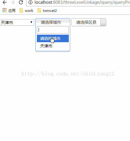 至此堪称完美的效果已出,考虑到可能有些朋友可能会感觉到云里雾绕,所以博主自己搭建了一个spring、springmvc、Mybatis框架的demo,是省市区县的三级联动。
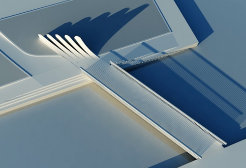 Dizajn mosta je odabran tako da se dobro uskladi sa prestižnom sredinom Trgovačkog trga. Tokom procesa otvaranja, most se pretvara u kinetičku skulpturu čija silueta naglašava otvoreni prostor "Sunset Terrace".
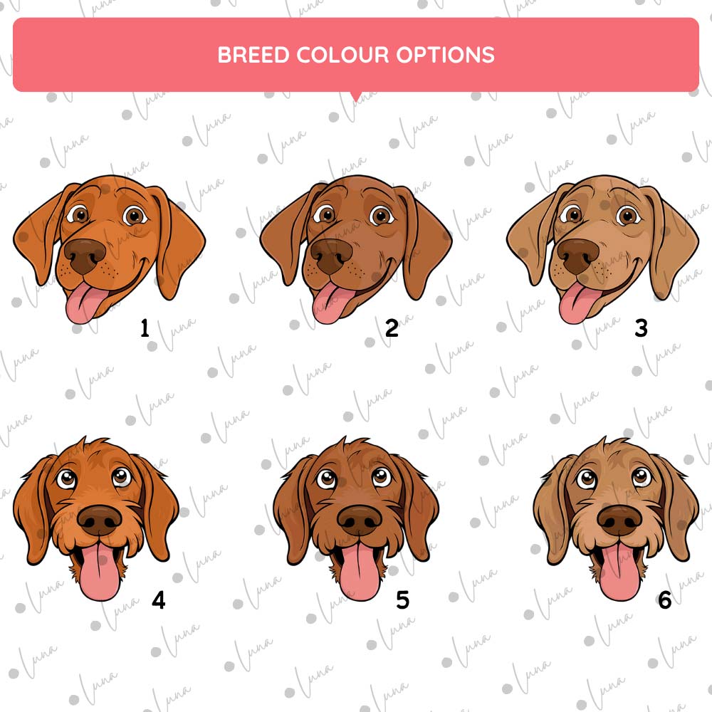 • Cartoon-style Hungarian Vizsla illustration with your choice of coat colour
***
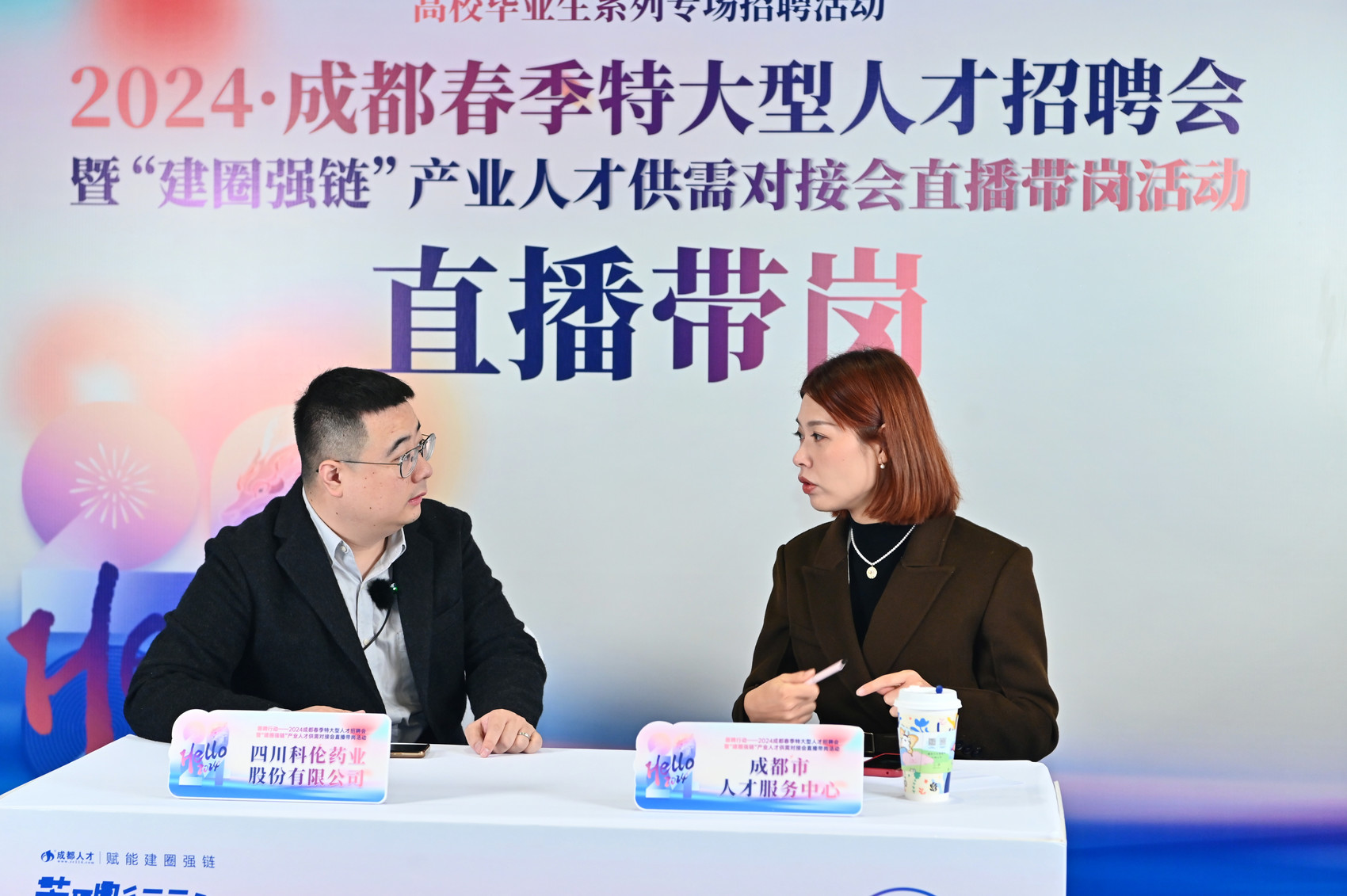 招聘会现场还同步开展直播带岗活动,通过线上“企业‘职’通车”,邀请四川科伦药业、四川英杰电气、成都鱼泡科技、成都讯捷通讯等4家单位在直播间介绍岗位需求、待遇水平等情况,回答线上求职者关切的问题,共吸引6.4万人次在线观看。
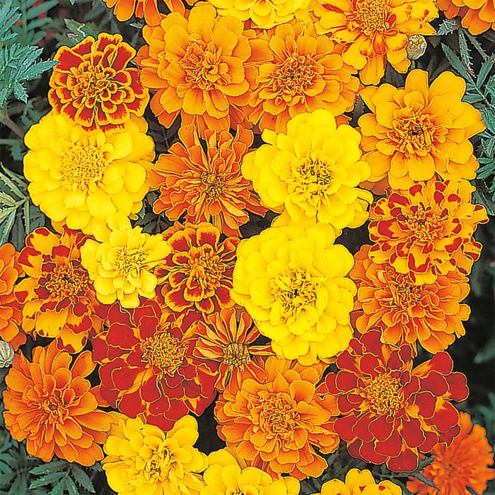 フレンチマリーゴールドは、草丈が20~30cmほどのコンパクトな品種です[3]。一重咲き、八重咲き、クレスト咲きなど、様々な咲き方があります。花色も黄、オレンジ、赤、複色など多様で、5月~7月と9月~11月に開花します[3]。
***
• To do
Starting at the line that contains "至此堪称完美的效果已出,考虑" and ending at the line that contains "of coat colour", transcribe the material above exactly, excluding pictures.

• Solution
 至此堪称完美的效果已出,考虑到可能有些朋友可能会感觉到云里雾绕,所以博主自己搭建了一个spring、springmvc、Mybatis框架的demo,是省市区县的三级联动。
 Dizajn mosta je odabran tako da se dobro uskladi sa prestižnom sredinom Trgovačkog trga. Tokom procesa otvaranja, most se pretvara u kinetičku skulpturu čija silueta naglašava otvoreni prostor "Sunset Terrace".
 • Cartoon-style Hungarian Vizsla illustration with your choice of coat colour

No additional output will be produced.